Field trip to Willis Wonderland included in UCLA's summer kitsch & camp course

Here's a super-cool opportunity for the right summer scholar. UCLA is offering a course starting in June that includes a field trip to Willis Wonderland, the incredible bubble-gum pink former home of late great songwriter Allee Willis. You'll likely remember her from songwriting credits that include Earth, Wind & Fire's "September" and "Boogie Wonderland," as well as the "Friends" theme and "The Color Purple" musical.

So Bad It's Good! Image: Willis Wonderland Foundation.

Professor Dolores McElroy teaches "So Bad It's Good: Kitsch & Camp Film Aesthetics," which is a collaboration with the Willis Wonderland Foundation and, come mid-summer, students taking it will venture to Allee's former North Hollywood home to choose an object from her personal "living kitsch archive" to write about. And what a collection it is! It's a real treasure mid-century treasure trove of soul and disco memorabilia, spaghetti lamps, and oh-so-much more. Allee wasn't called the "Queen of Kitsch" for nothing!

The course also includes a screening of "The World According to Allee Willis" which is a wonderful new documentary directed by Alexis Spraic that looks at Allee's life from a different angle: her struggle with being queer.

However, the focus of the course extends well beyond Allee's estate, her personal collections, or her life story. It's a broader examination of kitsch and camp film aesthetics, as per the course description:

What is "kitsch?" Often used as an all-purpose pejorative for the "bad taste" of the masses, for years kitsch was seldom explicitly defined, but nearly always derided. But in the postmodern era, "kitsch" took on new life, as artists, filmmakers, and designers consciously appropriated these "bad objects" of the past, remixing and revaluing yesterday's detritus. "Camp," on the other hand, is, in the words of Susan Sontag, "in the eye of the beholder." Sometimes defined as an interpretive style, camp is sensibility which perceives an irony between a thing and its context. In some ways, "camp" is what allows us to appreciate "kitsch" in a pleasurably complex and ironic way.
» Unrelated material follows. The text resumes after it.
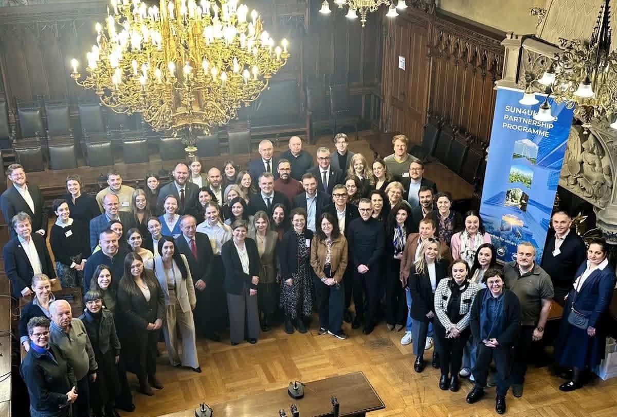 З 17 по 21 листопада у Мюнхені відбулася перша установча зустріч партнерської програми SUN4Ukraine, яка об’єднує українські флагманські муніципалітети з європейськими містами для спільної роботи над питаннями кліматичної стійкості, інновацій та енергетичного переходу.

In this course, we will consider the logics and histories of taste that contribute to various and changing definitions of kitsch and camp, as well as the ways that kitsch and camp manifest in cinema, including B-movie horror, musicals, the imaginaries of Route 66 and Las Vegas, queer avant-garde of filmmaking practices, as in the work of Kenneth Anger and John Waters, as well as in Japanese kawaii and American "tiki culture." We will also investigate the political and colonial histories that underlie these aesthetics.